Supplied information ▸
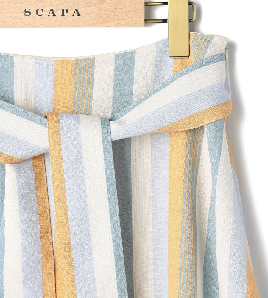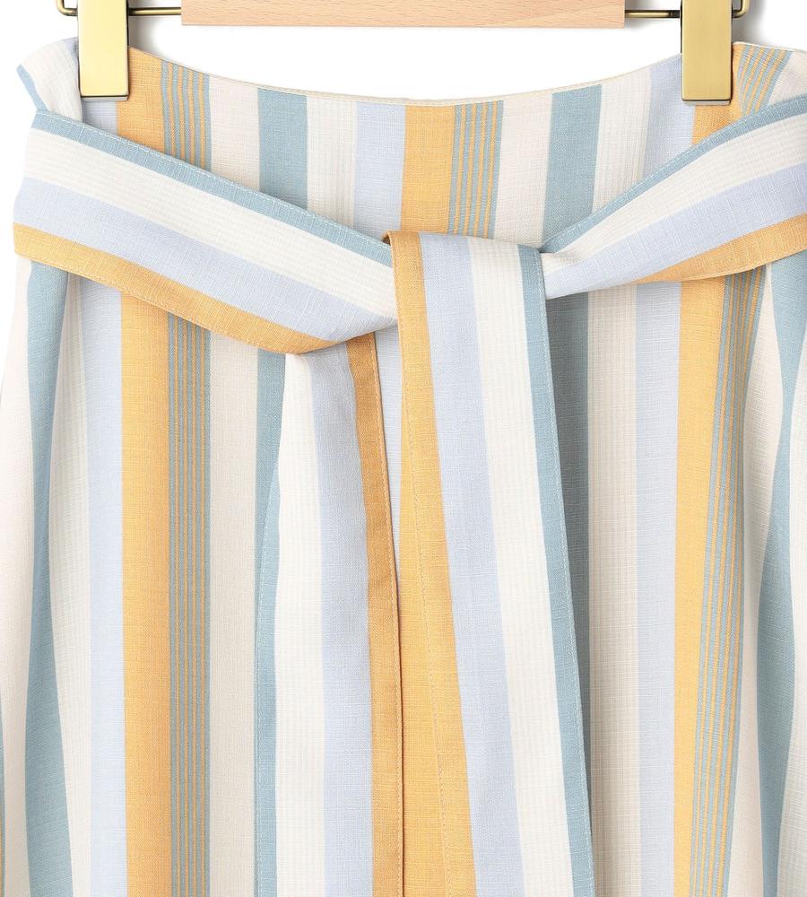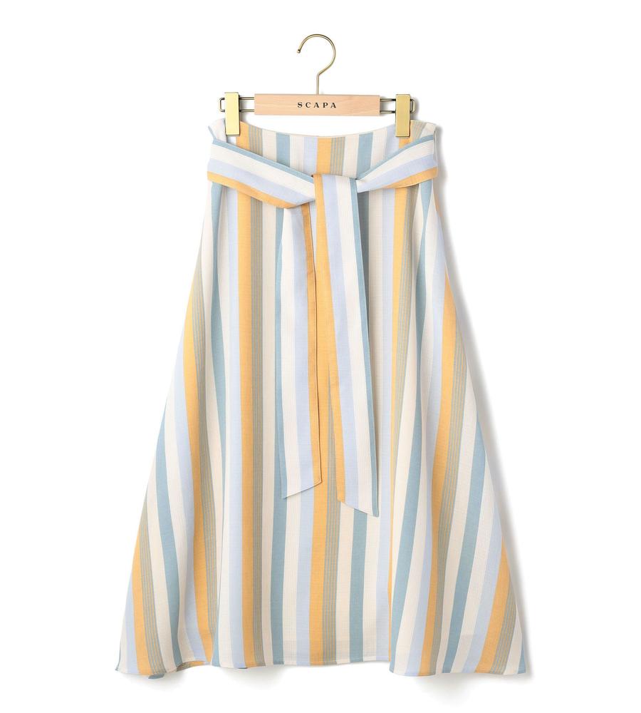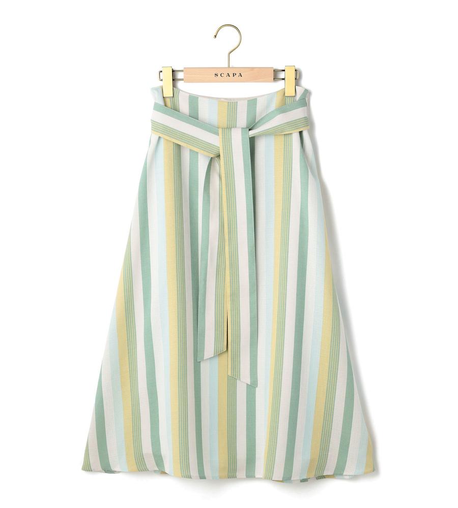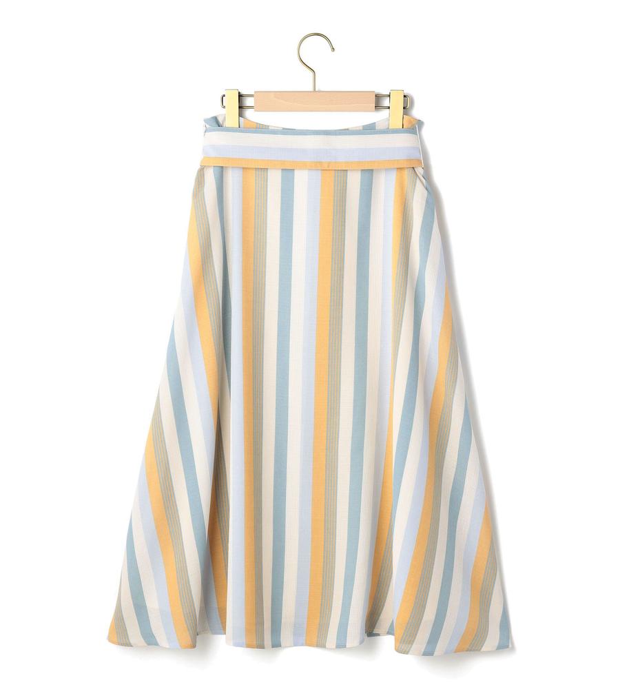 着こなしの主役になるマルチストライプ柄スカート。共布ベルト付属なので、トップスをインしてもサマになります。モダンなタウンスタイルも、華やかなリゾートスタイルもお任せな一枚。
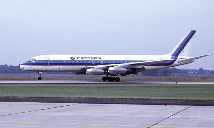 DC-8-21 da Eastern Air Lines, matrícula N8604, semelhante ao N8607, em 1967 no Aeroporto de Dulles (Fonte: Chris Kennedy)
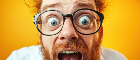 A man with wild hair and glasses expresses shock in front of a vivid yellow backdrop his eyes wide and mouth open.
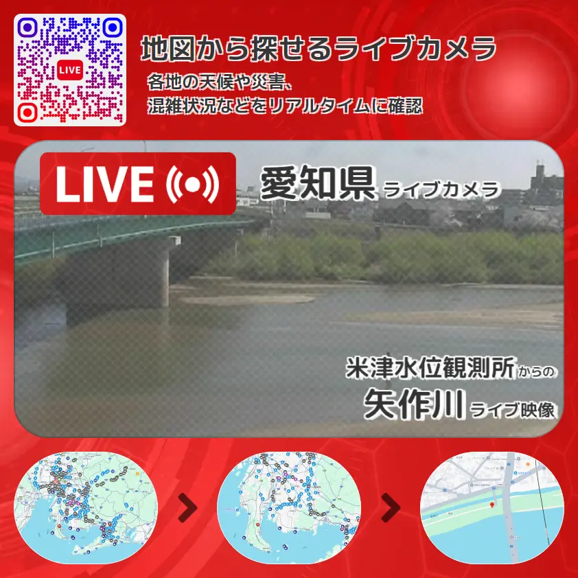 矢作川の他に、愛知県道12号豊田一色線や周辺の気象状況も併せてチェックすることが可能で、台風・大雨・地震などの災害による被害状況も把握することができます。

What the task asks ▸ All lines from the one containing "A man with wild" through the end of the data are to be written out exactly, with nothing added; skip the pictures.

Result of this exercise ▸
 A man with wild hair and glasses expresses shock in front of a vivid yellow backdrop his eyes wide and mouth open.
 矢作川の他に、愛知県道12号豊田一色線や周辺の気象状況も併せてチェックすることが可能で、台風・大雨・地震などの災害による被害状況も把握することができます。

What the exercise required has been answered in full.